レストレスレッグス症候群は手足(特に足)に不快な感覚が現れ、足を動かしたくなる欲求が生じることで寝つきが悪くなる、夜中に目が覚めるといった睡眠障害がおこり日常生活に支障をきたす病気です。
「そわそわした」「絶え間なく動く」といったrestless(レストレス)からRestless Legs Syndrome(RLS)と名付けられています。
また足がむずむずすることから「むずむず脚症候群」とも呼ばれます。
レストレッグス症候群の治療薬として用いられるのがパーキンソン病治療薬であるビ・シフロール錠(一般名:プラミペキソール)です。
ビ・シフロール錠がレストレスレッグス症候群に効くメカニズム(作用機序)や服用の注意点について解説していきます。
ビ・シフロール作用機序(むずむず脚症候群)
レストレスレッグス症候群は原因が明らかでない特発性、鉄欠乏性貧血や透析、リウマチ、パーキンソン病などが原因となる二次性に分類されます。
レストレスレッグス症候群の原因は明らかにはなっていませんが主に下記の3つの理由が挙げられます。
- 神経細胞の異常
神経伝達物質の「ドパミン」がうまく働かなくなることで症状が現れる - 鉄分不足
ドパミンの生成に関与する鉄分不足でドパミン不足となるため - 遺伝
このようにレストレスレッグス症候群は「ドパミン」が関与していると言われており、ドパミンやドパミン伝達を活性化させる薬を投与すると改善し、ドパミンの働きを抑える薬(ドパミン受容体拮抗薬)を投与すると悪化することがわかっています。
ビ・シフロール錠(一般名:プラミペキソール)はドパミン受容体刺激薬といってドパミンD2受容体を刺激しドパミン伝達を活性化させます。
D2受容体の中にもD2,3,4とあるのですがビ・シフロール錠はD3に選択性が高いのが特徴です。

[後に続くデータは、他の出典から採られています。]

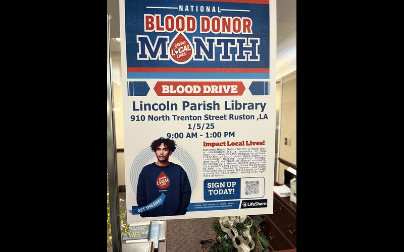 Join us January 5th, from 9:00 AM to 1:00 PM for the “Life Share Blood Drive”, held at the Lincoln Parish Library. Blood drive appointments can be scheduled ahead of time by using this link: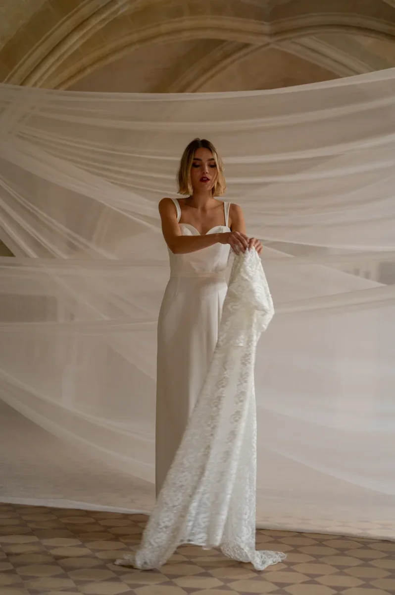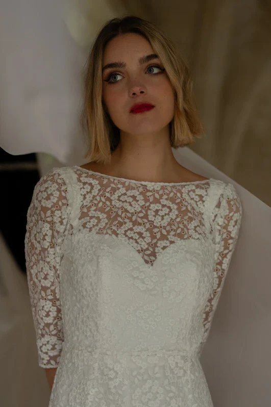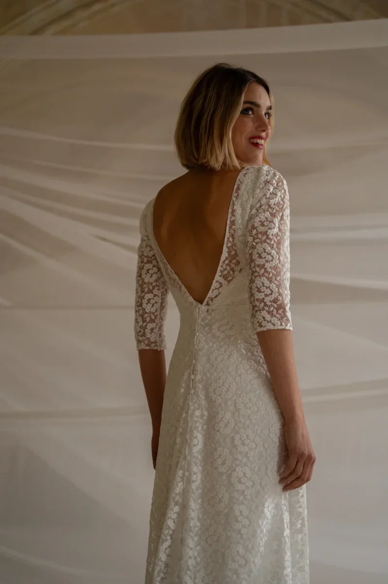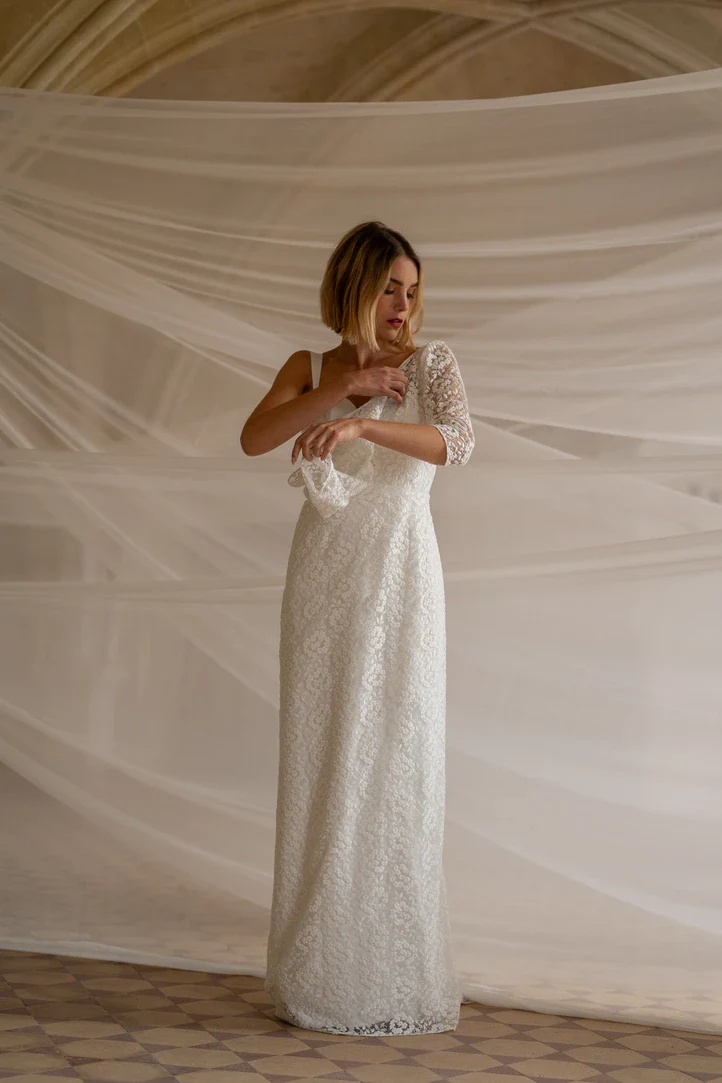 Robe en dentelle non doublée en tulle brodé « dentelle de Calais ». Ses manches 3/4, son dos nu et sa ligne élancée donnera à votre tenue un style raffiné, simple et élégant. La robe est agrémentée de boutons délicats dans le dos, soulignant le dos nu tout en offrant une allure sophistiquée. A porté sur une robe à bretelle elle permet de créer un look deux en un pour un mariage en deux temps.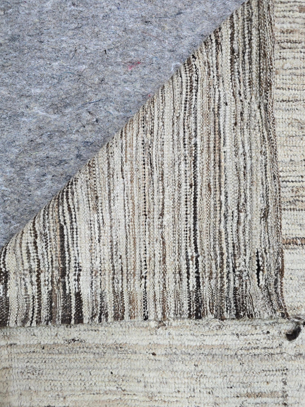 Elevate your home with this 10 x 14 ft Modern Moroccan style rug, a perfect fusion of traditional craftsmanship and contemporary design. This handwoven masterpiece features a minimalist grid pattern in natural ivory and taupe tones, creating a clean, geometric aesthetic that complements modern, Scandinavian, and rustic decor styles.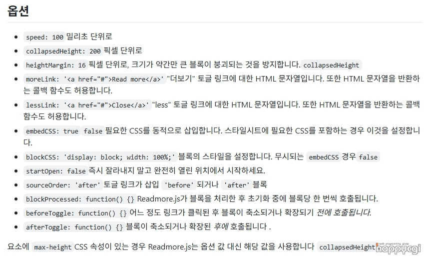 [해피CGI][cgimall] 긴 글을 더보기 링크로 줄여주는 js - Readmore.js 본문

D3受容体は感覚、認知機能に関係する中脳辺縁系や痛覚伝達に関与する脊髄にも発現していることから1)、D3受容体を介してレストレスレッグス症候群を改善すると考えられています。
1)ビ・シフロール錠インタビューフォーム
飲み方・就寝2〜3時間前に服用する理由
レストレスレッグス症候群の治療でビ・シフロール錠を服用する場合、通常、寝る2〜3時間前に服用します。
服用後、薬の血中濃度が最大になるまでの時間(tmax)が1.67時間(空腹時服用)のため、寝るタイミングに最も効かせるために寝る2〜3時間前に服用することとされています。
アルコール(お酒)の摂取
「会社の飲み会があるけどお酒は大丈夫?」
と薬局で質問を受けることがあります。
ビ・シフロール錠を服用中にお酒(アルコール)を摂取すると、機序は不明ですがビ・シフロールの作用が増強することがあります。
そのためアルコールとは併用注意となっています。
主な副作用
ビ・シフロール錠をレストレスレッグス症候群の治療に使った際の副作用のデータです。
悪心14例 (2.8%)傾眠9例 (1.8%)頭痛・浮動性めまい,下肢静止不能症候群がそれぞれ5例 (1.0%) 等(再審査終了時510例中)
ビ・シフロール錠を長期で服用して足のむずむずが現れる時間が2時間以上早まる場合や、症状が悪化したり範囲が広がる場合(オーグメンテーションといいます)は、主治医に相談するようにしましょう。